◆ Records shown
.....

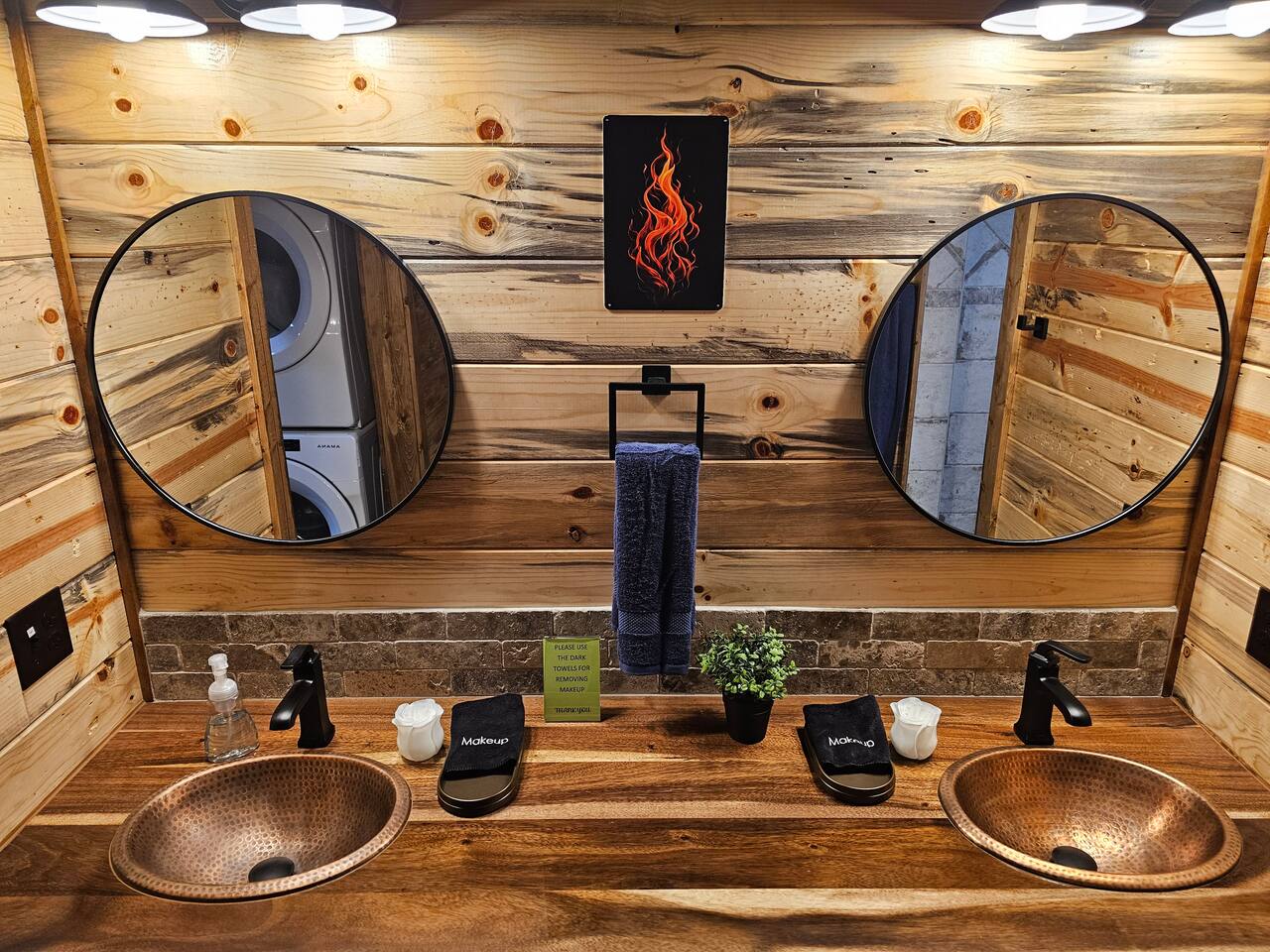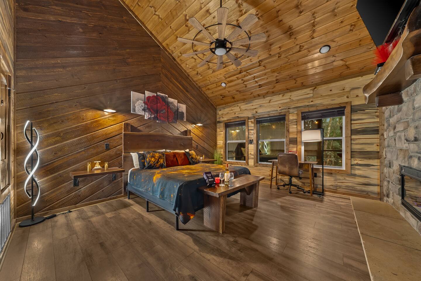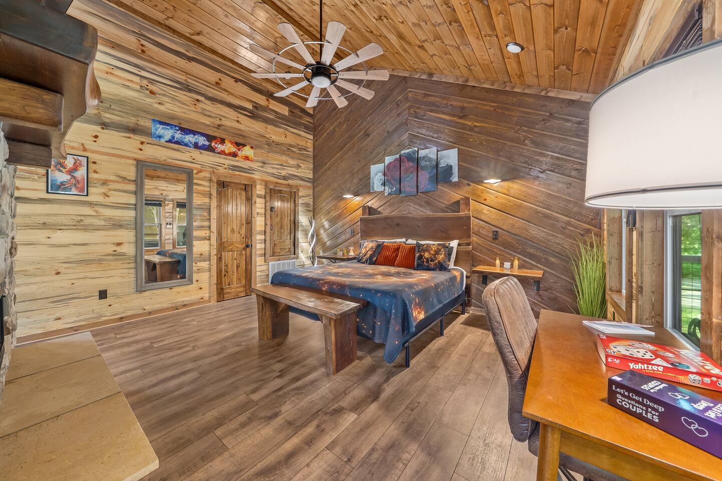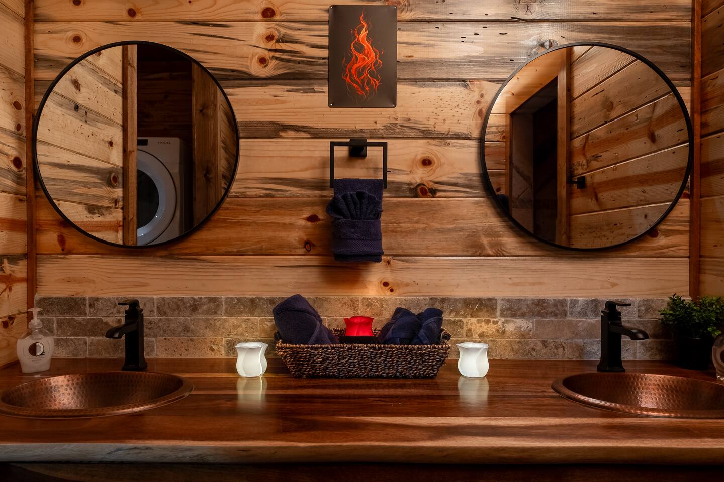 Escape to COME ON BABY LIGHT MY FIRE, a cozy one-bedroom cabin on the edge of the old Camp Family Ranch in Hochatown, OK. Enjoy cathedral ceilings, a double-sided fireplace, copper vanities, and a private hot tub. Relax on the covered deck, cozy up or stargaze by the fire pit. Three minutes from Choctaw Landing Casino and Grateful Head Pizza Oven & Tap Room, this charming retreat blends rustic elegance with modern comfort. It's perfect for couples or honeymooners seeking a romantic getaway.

.....

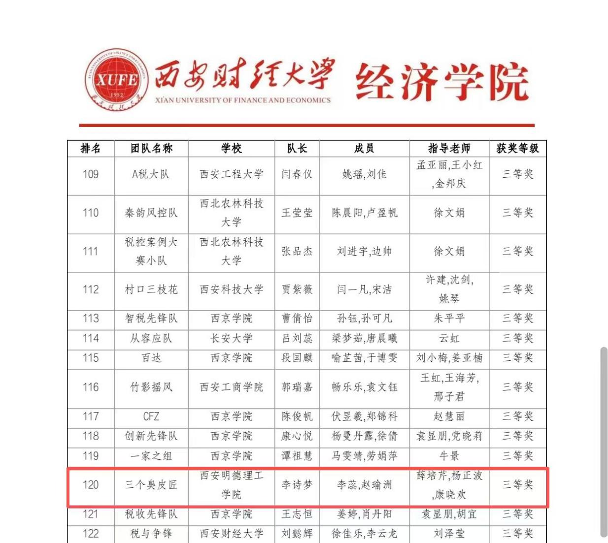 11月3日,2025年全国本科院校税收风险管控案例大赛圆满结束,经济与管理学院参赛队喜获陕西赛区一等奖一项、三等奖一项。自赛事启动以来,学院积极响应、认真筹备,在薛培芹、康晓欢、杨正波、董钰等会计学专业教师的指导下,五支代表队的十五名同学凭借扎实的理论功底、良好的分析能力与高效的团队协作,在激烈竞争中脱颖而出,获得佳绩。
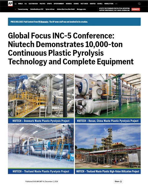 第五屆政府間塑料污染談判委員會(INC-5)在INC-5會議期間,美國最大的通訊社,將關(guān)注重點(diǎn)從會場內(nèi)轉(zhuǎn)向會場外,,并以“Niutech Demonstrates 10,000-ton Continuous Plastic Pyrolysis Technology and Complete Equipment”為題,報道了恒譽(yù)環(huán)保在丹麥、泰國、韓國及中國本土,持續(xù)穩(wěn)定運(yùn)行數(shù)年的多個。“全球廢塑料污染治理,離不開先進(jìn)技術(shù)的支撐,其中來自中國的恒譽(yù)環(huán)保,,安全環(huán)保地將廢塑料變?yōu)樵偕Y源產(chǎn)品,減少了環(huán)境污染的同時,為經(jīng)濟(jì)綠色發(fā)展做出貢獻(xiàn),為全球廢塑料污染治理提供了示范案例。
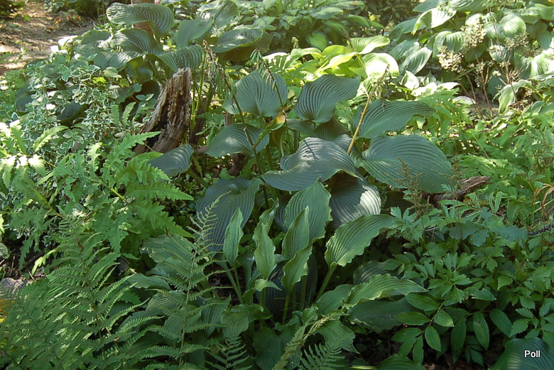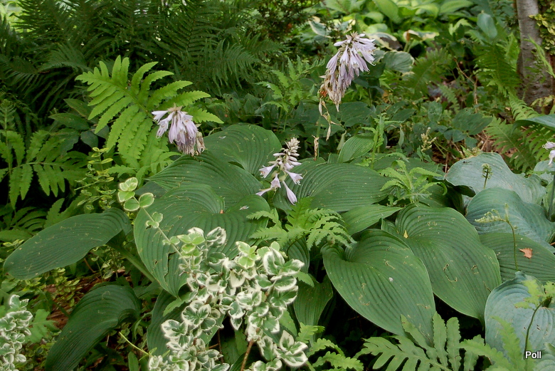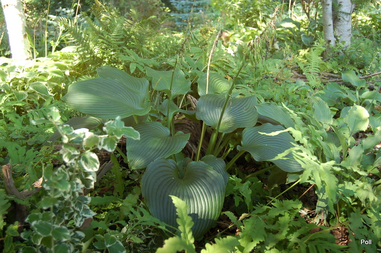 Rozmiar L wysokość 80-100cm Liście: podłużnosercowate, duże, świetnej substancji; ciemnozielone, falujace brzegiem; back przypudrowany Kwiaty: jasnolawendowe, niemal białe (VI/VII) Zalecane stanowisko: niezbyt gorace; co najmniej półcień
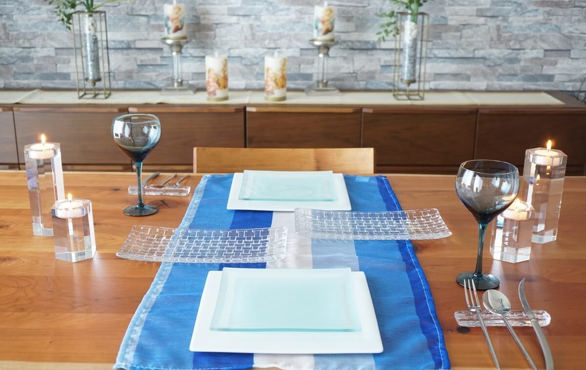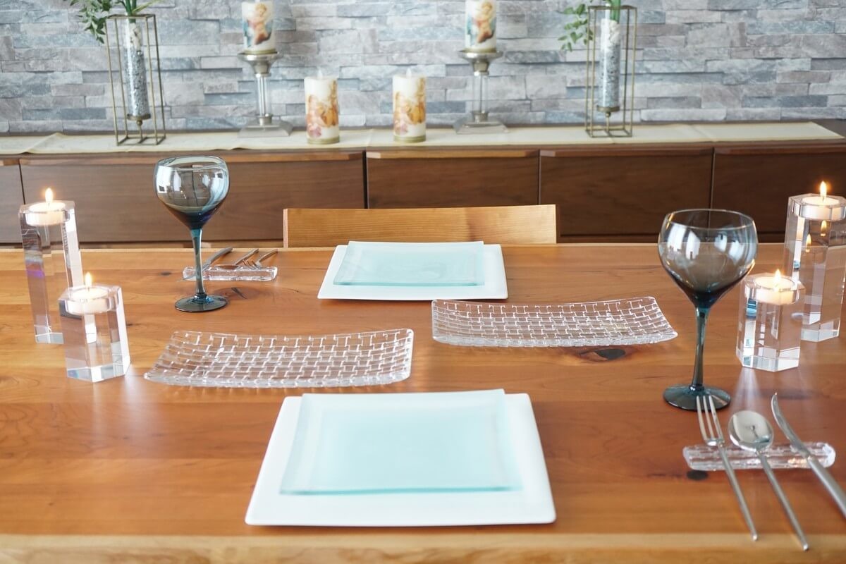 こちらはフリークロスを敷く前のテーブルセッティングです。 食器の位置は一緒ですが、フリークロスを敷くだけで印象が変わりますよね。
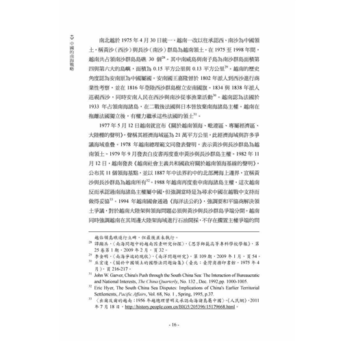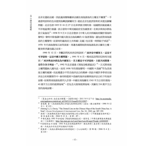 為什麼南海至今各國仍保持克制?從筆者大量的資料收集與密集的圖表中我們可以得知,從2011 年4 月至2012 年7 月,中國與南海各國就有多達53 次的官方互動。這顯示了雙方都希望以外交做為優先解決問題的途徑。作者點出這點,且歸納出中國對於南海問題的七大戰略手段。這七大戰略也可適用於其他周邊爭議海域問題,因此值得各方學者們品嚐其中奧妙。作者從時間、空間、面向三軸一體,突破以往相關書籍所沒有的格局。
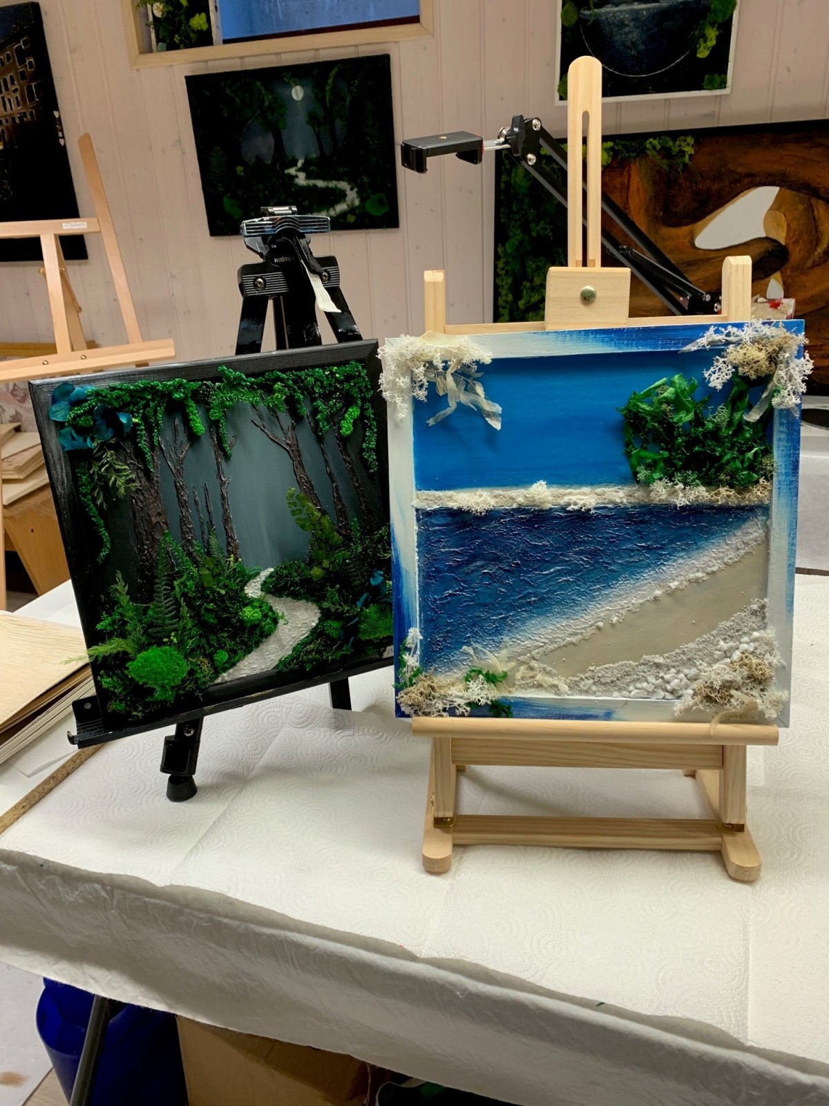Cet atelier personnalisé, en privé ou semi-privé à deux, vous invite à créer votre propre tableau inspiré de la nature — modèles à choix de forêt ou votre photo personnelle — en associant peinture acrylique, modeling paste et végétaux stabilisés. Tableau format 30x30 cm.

.....

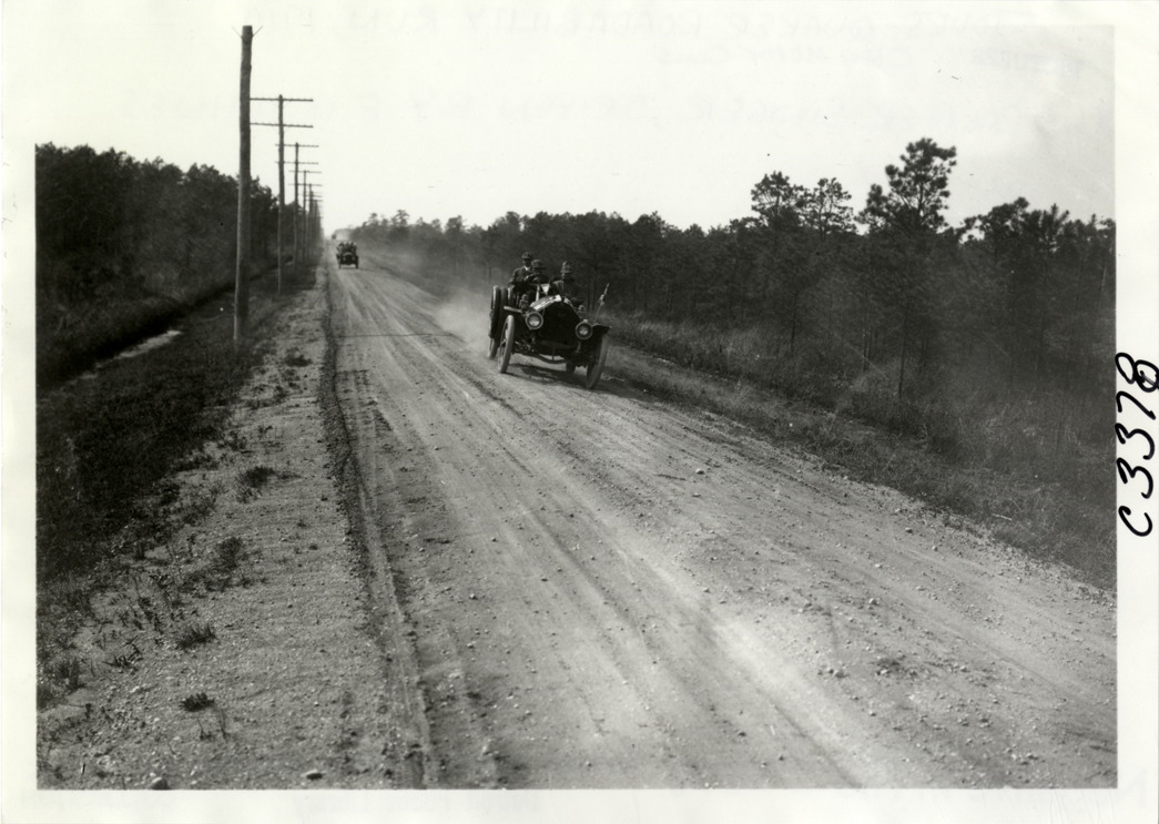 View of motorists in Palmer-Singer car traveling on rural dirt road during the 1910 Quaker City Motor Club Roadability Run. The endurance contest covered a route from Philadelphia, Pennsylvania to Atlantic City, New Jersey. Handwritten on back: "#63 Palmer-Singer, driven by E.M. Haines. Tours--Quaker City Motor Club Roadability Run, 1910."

.....

◆ Task description
Pictures excluded, transcribe the listing above exactly from the line with "Rozmiar L wysokość" through the line with "Cet atelier personnalisé, en", and no further.

◆ Response to the exercise
 Rozmiar L wysokość 80-100cm Liście: podłużnosercowate, duże, świetnej substancji; ciemnozielone, falujace brzegiem; back przypudrowany Kwiaty: jasnolawendowe, niemal białe (VI/VII) Zalecane stanowisko: niezbyt gorace; co najmniej półcień
 こちらはフリークロスを敷く前のテーブルセッティングです。 食器の位置は一緒ですが、フリークロスを敷くだけで印象が変わりますよね。
 為什麼南海至今各國仍保持克制?從筆者大量的資料收集與密集的圖表中我們可以得知,從2011 年4 月至2012 年7 月,中國與南海各國就有多達53 次的官方互動。這顯示了雙方都希望以外交做為優先解決問題的途徑。作者點出這點,且歸納出中國對於南海問題的七大戰略手段。這七大戰略也可適用於其他周邊爭議海域問題,因此值得各方學者們品嚐其中奧妙。作者從時間、空間、面向三軸一體,突破以往相關書籍所沒有的格局。
Cet atelier personnalisé, en privé ou semi-privé à deux, vous invite à créer votre propre tableau inspiré de la nature — modèles à choix de forêt ou votre photo personnelle — en associant peinture acrylique, modeling paste et végétaux stabilisés. Tableau format 30x30 cm.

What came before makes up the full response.